D'une escale impromptue à Boa Vista

Je dois vous l'avouer, je suis é p u i s é e... je ne sais même pas si c'est ce qui m'attend qui me fatigue d'avance ou bien ces derniers jours...

On vient de passer 72h intenses entre Dakar et le Cap Vert.


D'abord, on allait partir, quand on réalise qu'on a oublié de faire les formalités de sortie. Darre darre alors que Momo pliait l'annexe, je file faire tamponner les passeports.

On part déjà trop tard à mon goût, 14h. A la nuit tombée, notre pilote automatique nous lâche...à nouveau..

.. et tout le monde est déjà malade à bord, y compris nos amis Pierre et Ayesha.

Notre toute nouvelle acquisition, Jules le Regul (-ateur d'allure) devrait nous aider mais on n'arrive pas à le régler correctement, il fait nuit noire et il va falloir barrer toute la nav... premier coup de massue. Je suis déjà crevée.


Momo me requinque en m'assurant qu'on va y arriver et me dit qu'il va faire les quarts toute la nuit par tranche de siestes de 15mn. Je ne peux m'y résigner, je dors dehors à côté de lui au cas où.

La météo nous donne des conditions vraiment pas sympas du tout, on est au bon plein (ie pas l'allure la plus confortable du tout) vagues de travers, avec une mer très très désordonnée.

Momo se débrouille finalement la première nuit sans moi, il a réglé les voiles et posé deux élastiques sur la barre qui font office de pilote et il ne barre pas. Ouf!

Moi je passe la nuit avec les enfants à tendre des bassines par ci par là.


On finit par trouver les bons réglages du régulateur d'allure le lendemain avant la nuit, la météo n'a pas changé, les enfants sont toujours aussi malades, les amis au fond du gouffre.
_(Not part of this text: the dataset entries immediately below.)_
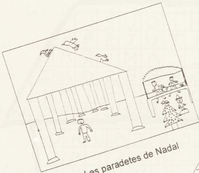
Les paradetes de Nadal

Les últimes obres de la Parxada es van acabar l'any 1984 i és tal com la veiem actualment.
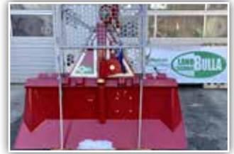
TAJFUN EGV 85 AHK SG Seilwinde , Neumaschine, Schildbreite 205 cm, Soma Profifunk, 110 Meter – 11 mm Forstseil, Seilendstück drehbar
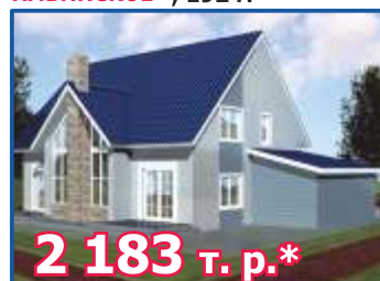
Двухэтажный жилой дом с гаражом «ИЛЬИНСКОЕ», 192 м 2
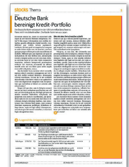
1/3 Seite hoch 36 x 258 mm CHF 750.-
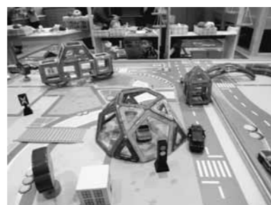
磁石のブロックをくっつけて遊ぶマグフォーマー

になりきって赤ちゃんのお世話ができます。ベビーカーに乗せてお散歩をしたり、お料理をする姿は大人の真似っこをしているようです。こどもプラザには、保育士・社会福祉士等を配置しています。「子育てでこんな時どうしたらいいの?」「誰かに話を聞いて欲しい」。そんな時はお気軽に声を掛けてください。遊びを通してお子さんの発達をお手伝いし、保護者と一緒に成長を見守って
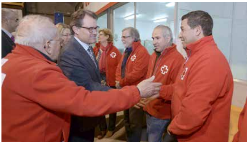
VISITA D'ARTUR MAS AL MAGATZEM DE LA CREU ROJA

lions i mig de turistes. Això vol dir que com a país som atractius" .
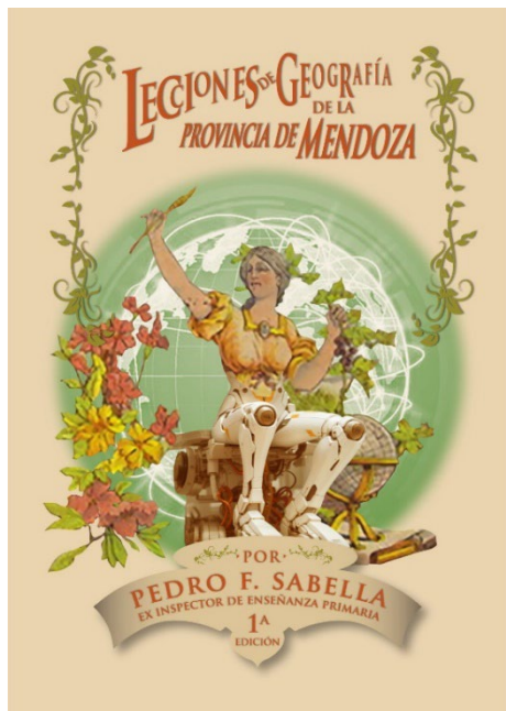
FIGURA 15 (SERGIO MONTANARI)

Sabella –mucho más nítida– y los colores pálidos, característicos de la edición antigua. El recorte de las flores, uvas, globo terráqueo y pluma se realizó desde cero a partir de la imagen original, lo que permitió un fundido prolijo y muy sugerente, que a la vez integra y confronta lo antiguo y lo futurista.

On se nourrit comme on peut avec ce qui a été cuisiné à l'avance, et encore....


Je ne suis pas malade, mais je ne peux rien avaler. Je me force à grignoter. On reprend des quarts de chacun 3h la deuxième nuit, chaque réveil est duuuur. La mer est mauvaise, on ne voit rien de rien donc on se laisse surprendre par de grands coups de côté ou de gros départ au lof sur une vague. Heureusement Jules travaille pas trop mal.
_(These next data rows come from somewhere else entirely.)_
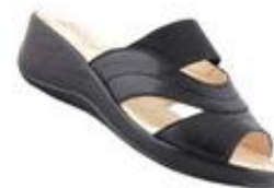
Сабо женские, Health Shoes

Цена: 1390.00 руб. Бренд: HEALTH SHOES Продавец: БАШМАЧНИКОФФ
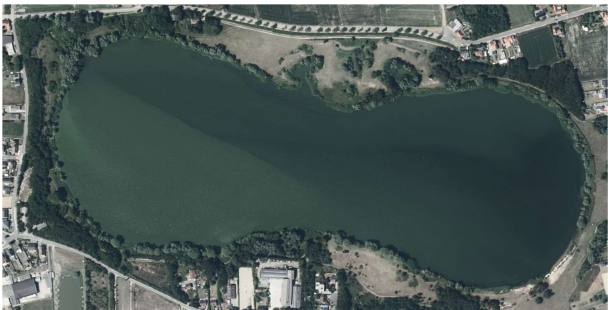
Figuur 2 – luchtfoto (2015; www.geopunt.be ).
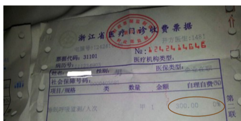
另一患者的收费票据
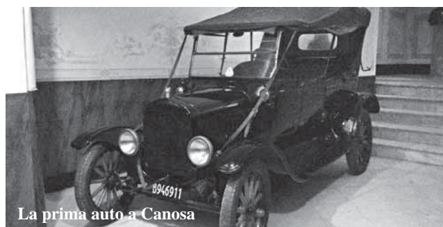
La prima auto a Canosa

Gli orari di visita al Museo, sono tutte le mattine dal martedì al sabato, ore 9.30-12.00 e domenica sera dalle 19.30 alle 22.30 . Giorno di chiusura, il lunedì.
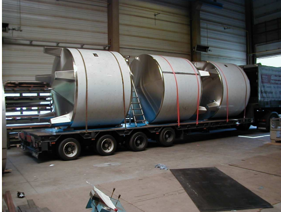
Behälter außen mit Schutzfolie beklebt

Parenthèse, finalement, heureusement que Jap le pilote nous fait défaut car sinon, on n'aurait jamais pris le temps de se pencher sur les réglages de Jules!
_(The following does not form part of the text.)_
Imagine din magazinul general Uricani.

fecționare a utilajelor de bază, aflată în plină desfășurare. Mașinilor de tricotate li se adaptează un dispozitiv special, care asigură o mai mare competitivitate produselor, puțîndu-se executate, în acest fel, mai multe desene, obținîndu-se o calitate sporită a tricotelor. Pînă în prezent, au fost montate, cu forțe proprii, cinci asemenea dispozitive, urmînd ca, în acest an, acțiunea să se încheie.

Voilà 48h que nous sommes partis, et Augustin et Xavier n'ont rien conservé de ce qu'ils avaient mangé ou bu depuis le début. Les autres avaient juste une compote de pomme d'avance.. Je fais des pâtes au ketchup en espérant que ça ne soit pas refusé. Ça passe, sauf pour Augustin... il demande à boire tout le temps, mais rend ses gorgées dans la bassine 10mn plus tard. Il s'affaiblit, ne veut plus quitter le lit.. la nav est toujours la même, bateau gîté à 45 degrés, vagues qui mouillent et tapent par le côté..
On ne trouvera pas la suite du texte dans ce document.